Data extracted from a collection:
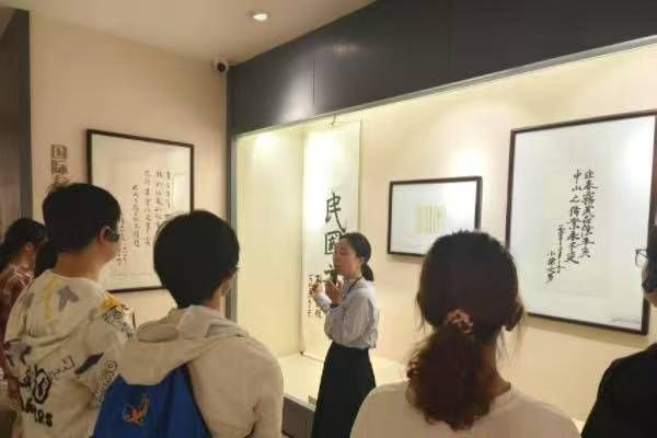社会实践团队首先进入的展馆是“名人名宗”馆,这个展馆里面陈列的是开馆以来,国家领导人们留下的文图资料,其中不乏一些书法作品。而细心的园林2301班曾研同学却发现了其中一幅书法作品的端倪。该作品中题有“民国之门”四个大字。然而奇怪的是 “民”字的弯钩却伸出了头。“这难道是错别字吗?”曾研同学提出疑问,讲解员摇头表示这并不是错别字。原来这幅书法作品是孙中山先生之孙孙治强在参观纪念馆时所题,“民”字之所以要出头,是寓意着“人民出头”,这是武昌首义打响新民主主义革命第一枪后,民众对于民主胜利的象征性表达。听了讲解员的解释团队中的同学更加深刻地意识到了武昌起义在推翻封建帝制中的重要意义。
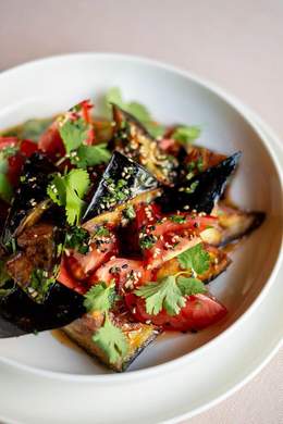 Vinete prăjite, roșii, coriandru, sos picant, susan. 350 g
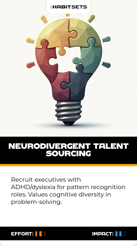 Recruit executives with ADHD/dyslexia for pattern recognition roles. Values cognitive diversity in problem-solving.
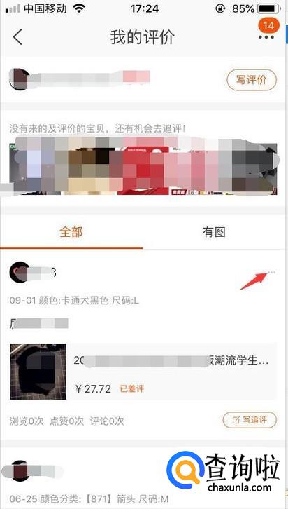 然后在我的评价里面找到想要修改评价的商品,点击商品的右上角小圆点。
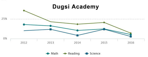 St. Paul's Dugsi Academy, a charter school that opened in 2005, has math, reading and science scores approaching zero for 2016. Dugsi enrolled 392 students in 2016, 99% of them Black /African American.
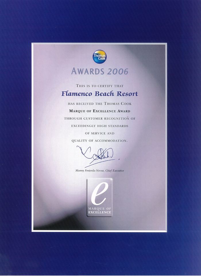 Recipient of the Marque of Excellence Award 2006 by Thomas Cook
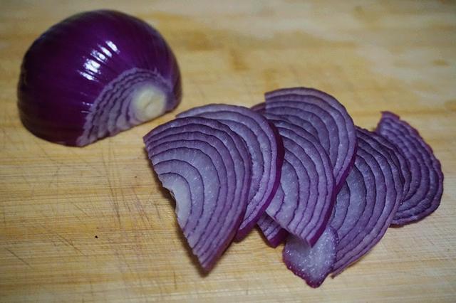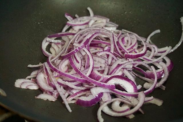 3、这道菜不用放葱姜,做热油锅,爆香洋葱丝。紫皮洋葱有着独特的甜葱味道,高温爆炒,能有效的去掉洋葱辣味。
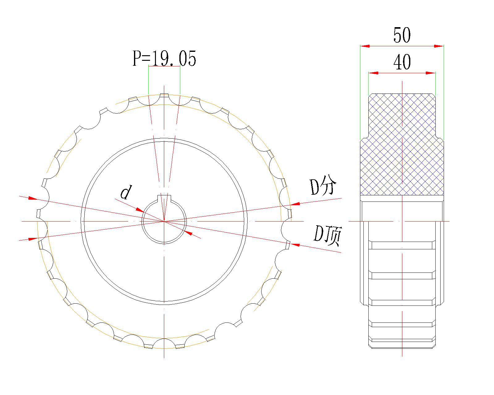 鏈輪型號 | 齒數(shù) | D分(mm) | D頂(mm) | d孔徑(mm) |
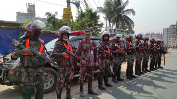 আইনশৃঙ্খলা পরিস্থিতি স্বাভাবিক রাখতে ঢাকা ও চট্টগ্রামে ১০ প্লাটুন বিজিবি মোতায়েন করা হয়েছে। এর মধ্যে রাজধানীর শাহবাগ, মৎস্যভবন ও হোটেল ইন্টারকন্টিনেন্টাল এলাকায় ৪ প্লাটুন এবং চট্টগ্রাম মহানগরীতে ৬ প্লাটুন বিজিবির
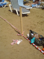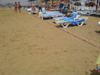 Пляж -4 Широкий, протяженный в длину, песчаный пляж; всегда были свободные лежаки под навесами. Удобный, пологий заход в море. (за 3 дня до отьезда натенули ленту за которую нельзя было выносить лежаки ????????????? основная масса отдыхающих была в шоке .см. фото, два дня с моря ужастно пахло салярой или ........... чем его .... и всем с адми........ ...... !!!!!!!!!! )
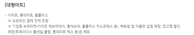 | 대형마트 | 적립 혜택 | 이마트 등 |
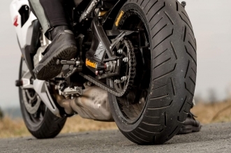 Az ABS szinte munka nélkül marad, miként ez az első köpeny, mely tulajdonképpen feleslegessé teszi a Kawa - nem létező - kipörgésgátlóját... ...
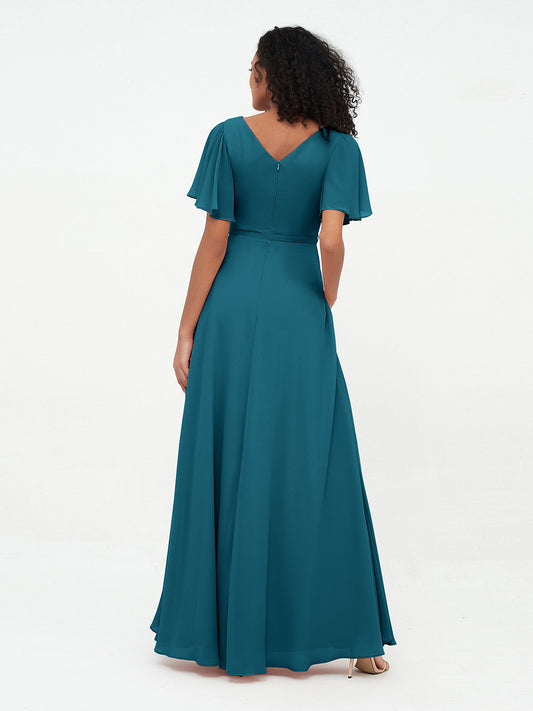 Babaroni YvetteVestidos máximos de chiffon con mangas de volantes y lazo en la cintura Azul tinta
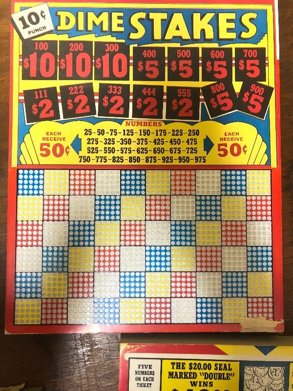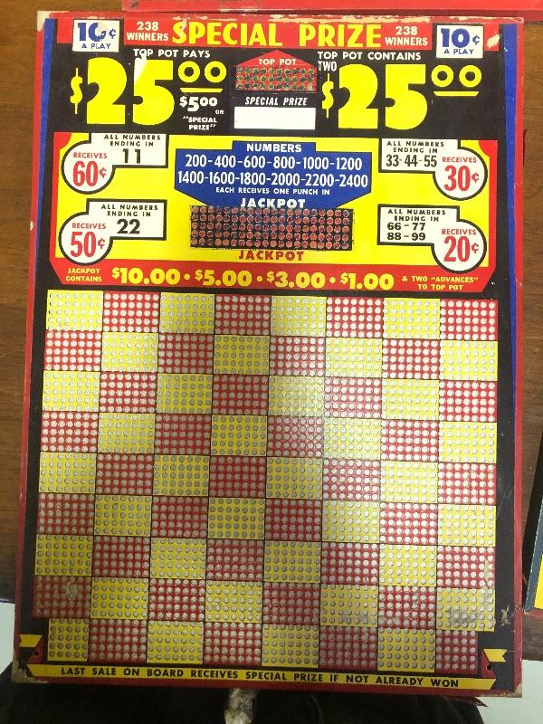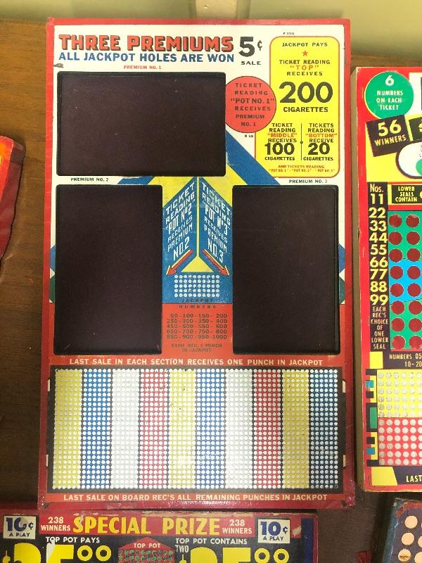 6 boards: three premiums, national winner, dime steaks, special prize, seal happy, double double sawbuck. : Vintage used condition

- [Your instructions]: Although pictures appear among the records above, none are to be output; print exactly the lines from the line containing "鏈輪型號 | 齒數(shù) | D分(mm) | D頂(mm) | d孔徑(mm) |" through the line containing "আইনশৃঙ্খলা পরিস্থিতি স্বাভাবিক".

- [Final answer]:
 鏈輪型號 | 齒數(shù) | D分(mm) | D頂(mm) | d孔徑(mm) |
 আইনশৃঙ্খলা পরিস্থিতি স্বাভাবিক রাখতে ঢাকা ও চট্টগ্রামে ১০ প্লাটুন বিজিবি মোতায়েন করা হয়েছে। এর মধ্যে রাজধানীর শাহবাগ, মৎস্যভবন ও হোটেল ইন্টারকন্টিনেন্টাল এলাকায় ৪ প্লাটুন এবং চট্টগ্রাম মহানগরীতে ৬ প্লাটুন বিজিবির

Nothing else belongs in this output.